» **Data provided**

====

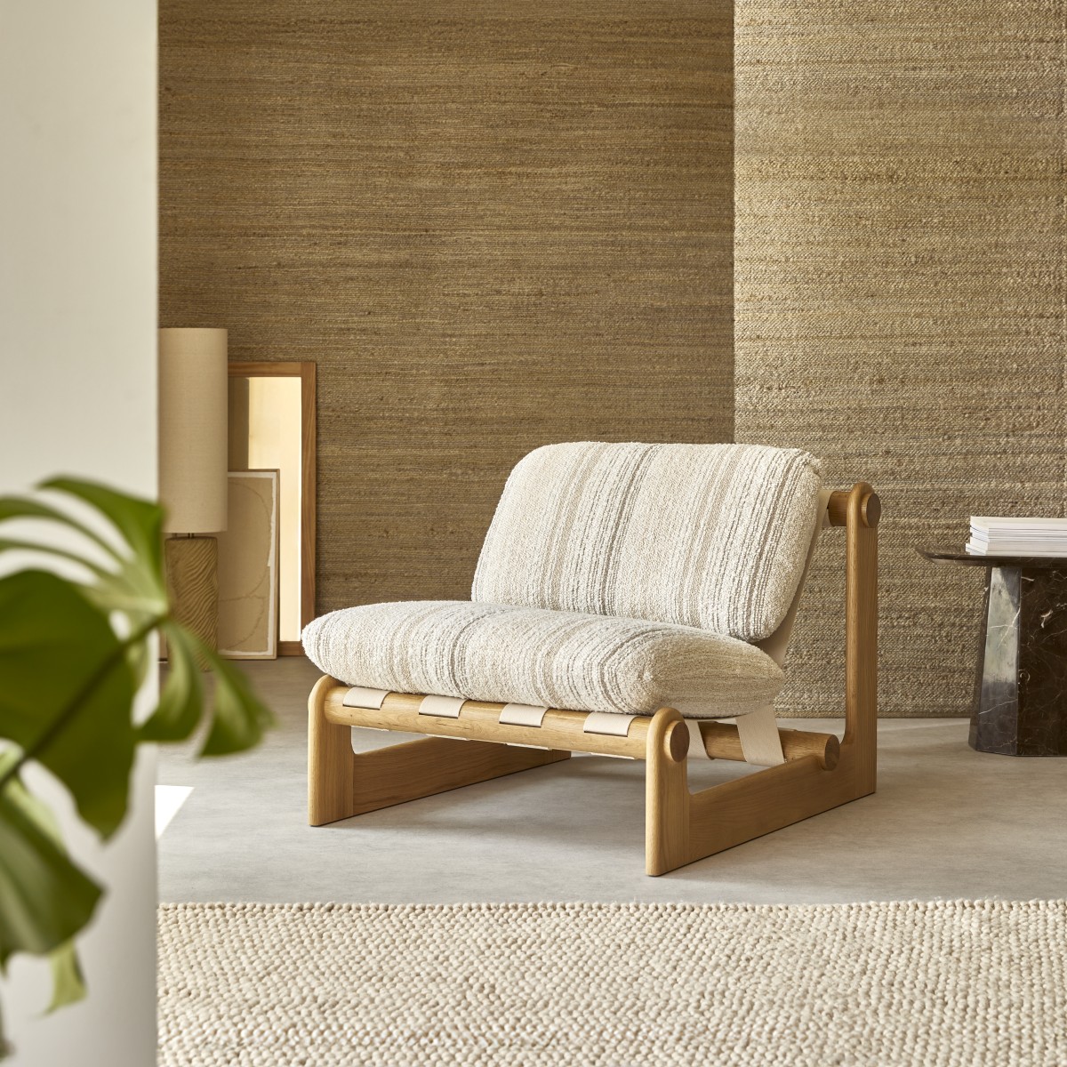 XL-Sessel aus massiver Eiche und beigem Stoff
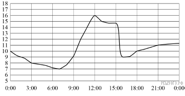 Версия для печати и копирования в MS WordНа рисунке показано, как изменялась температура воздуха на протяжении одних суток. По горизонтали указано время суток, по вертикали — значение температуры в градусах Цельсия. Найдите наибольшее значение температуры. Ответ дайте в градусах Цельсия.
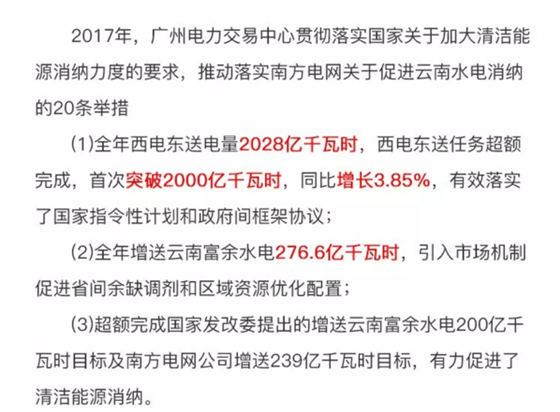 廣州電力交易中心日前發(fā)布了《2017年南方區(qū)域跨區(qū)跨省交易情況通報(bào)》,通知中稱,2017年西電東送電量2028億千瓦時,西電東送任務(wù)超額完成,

====

» **What this task involves**
Reproduce the lines above letter for letter. The pictures stay behind.

» **Answer box**
 XL-Sessel aus massiver Eiche und beigem Stoff
 Версия для печати и копирования в MS WordНа рисунке показано, как изменялась температура воздуха на протяжении одних суток. По горизонтали указано время суток, по вертикали — значение температуры в градусах Цельсия. Найдите наибольшее значение температуры. Ответ дайте в градусах Цельсия.
 廣州電力交易中心日前發(fā)布了《2017年南方區(qū)域跨區(qū)跨省交易情況通報(bào)》,通知中稱,2017年西電東送電量2028億千瓦時,西電東送任務(wù)超額完成,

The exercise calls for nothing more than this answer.